Médico brinda asistencia las 24 horas a huelguistas de hambre.
El doctor Ronald Wolff está monitoreando a los siete huelguistas de hambre que se encuentran en Brasilia protestando contra el encarcelamiento arbitrario del presidente Lula. Llevan 23 días en ayunas, lo que empieza a requerir un seguimiento especial. Wolff duerme en el mismo alojamiento que los huelguistas para estar disponible ante cualquier incidente que requiera atención urgente.
De Brasil de Fato ¿Cuál es la relación entre la medicina y la lucha política? Para el médico Ronald Wolff, uno de los acompañantes de los siete activistas de movimientos populares en huelga de hambre en Brasilia (DF), el vínculo entre ambos es estrecho y se caracteriza por una interacción constante.
Comprometido con el movimiento por la universalización del derecho a la salud, Wolff es miembro de la Red Nacional de Médicos Populares (RNMMP) y participa activamente en la lucha por los derechos sociales. Este vínculo se ha mantenido fuerte durante décadas, desde los primeros debates sobre la reforma agraria en la Comisión Pastoral de la Tierra, vinculada a la Iglesia Católica, en la década de 1970.
De allí surgieron, por ejemplo, las Romarias da Terra (Peregrinaciones de la Tierra), la afiliación al Partido de los Trabajadores (PT) y una comprensión cada vez más fortalecida de que garantizar la salud pública es una cuestión central en la lucha por los derechos.
interés social
Así, la participación del médico en huelgas de hambre surge como un "proceso natural", según él, de unirse a los trabajadores en diversas luchas. En total, Wolff acompañó cuatro huelgas de activistas en protestas políticas, una experiencia que relatará en un libro que publicará próximamente.
La última protesta de esta naturaleza a la que asistió fue en diciembre de 2017, cuando representantes de diferentes movimientos populares se unieron en una huelga de hambre contra la reforma de las pensiones.
El seguimiento de los huelguistas era diario, las 24 horas del día. En aquel entonces, el profesional aprovechaba sus vacaciones para dedicarse plenamente a la protesta.
Durante la huelga de los siete activistas que exigen, entre otras cosas, la liberación del expresidente Lula (PT), el procedimiento sigue el mismo patrón. El médico incluso duerme en el mismo lugar donde se alojan los huelguistas.
Para Wolff, participar en la huelga es un llamado a la medicina guiado por intereses sociales.
"No me permito tomarme 30 días de vacaciones en la playa. No me permito no participar", dice.
Sin preocuparse por el cansancio que supone el trabajo, el médico destaca que la interacción con los huelguistas y otros activistas es también un momento de "experiencias inolvidables".
Vengo aquí y me reencuentro con compañeros de lucha de hace mucho tiempo. Es un momento en el que me siento como en un retiro espiritual. Eso me mantiene satisfecho, dice.
Clase obrera
Criado en una familia de seis hermanos en las afueras de Porto Alegre (RS), Ronald Wolff es hijo de un carpintero y una ama de casa que estudió hasta el tercer año de la escuela primaria.

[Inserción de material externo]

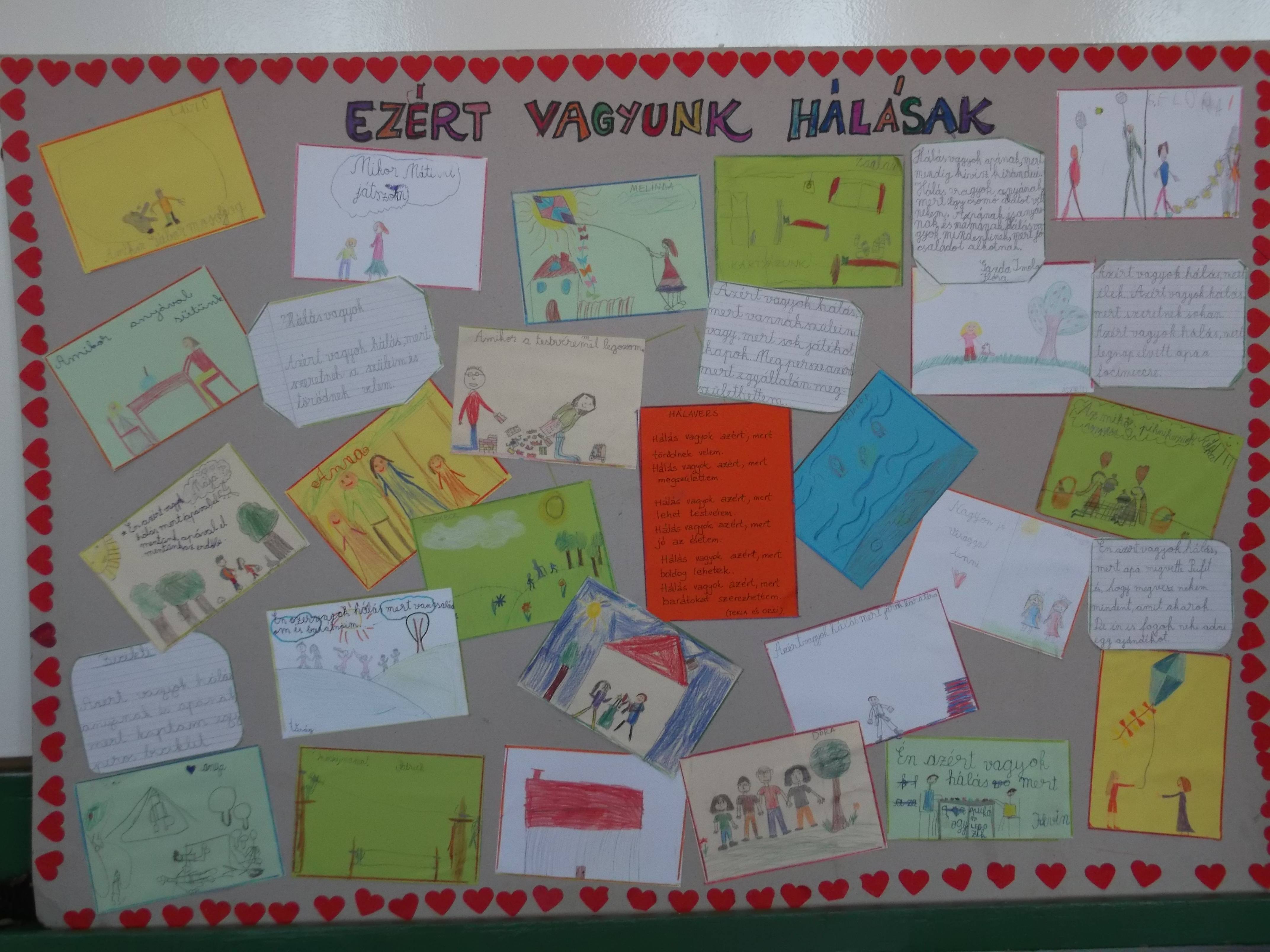 A mosolygós csillagok csapata ma megpróbálta megérteni a hála fogalmát és közösen megneveztük azokat a személyeket, akiknek hálával tartozunk.Hálásak vagyunk nagyszüleinknek, barátainknak, testvéreinknek, szüleinknek, nevelőinknek és tanárainknak is, akik nagyon sokat tettek értünk.Köszönjük a Jóistennek, hogy élhetünk és itt lehetünk ! Mindezeket egy hála tabló formájában gyűjtöttük össze 🙂 Hálás köszönet azért, hogy itt lehetünk !

Se enorgullece de mencionar sus propios orígenes y dice que esto es un incentivo para ejercer una medicina comprometida y centrada en los intereses del pueblo.
En mi profesión hay mucha gente muy buena, pero también hay personas que son hijos de la clase dominante y entonces preguntan: "¿Qué haces viviendo entre esta gente?". Yo soy uno de ellos. Eso es todo", afirma.
De esta comprensión surgen otras preguntas relacionadas con el papel del médico en las huelgas de hambre. Para Wolff, trabajar con activistas implica reconocer al médico como parte de la clase trabajadora.
"Si dejamos de ser voluntarios, si dejamos de ser activistas por las causas en las que creemos y en las que participamos, no nos estancamos. Retrocedemos", afirma.
Ronald, que anteriormente fue profesor del curso de medicina de la Universidad Federal de Rio Grande do Sul (UFRGS), trabaja en el Sistema Único de Salud (SUS) en la capital del estado y desarrolla programas de educación en salud en asentamientos de la reforma agraria.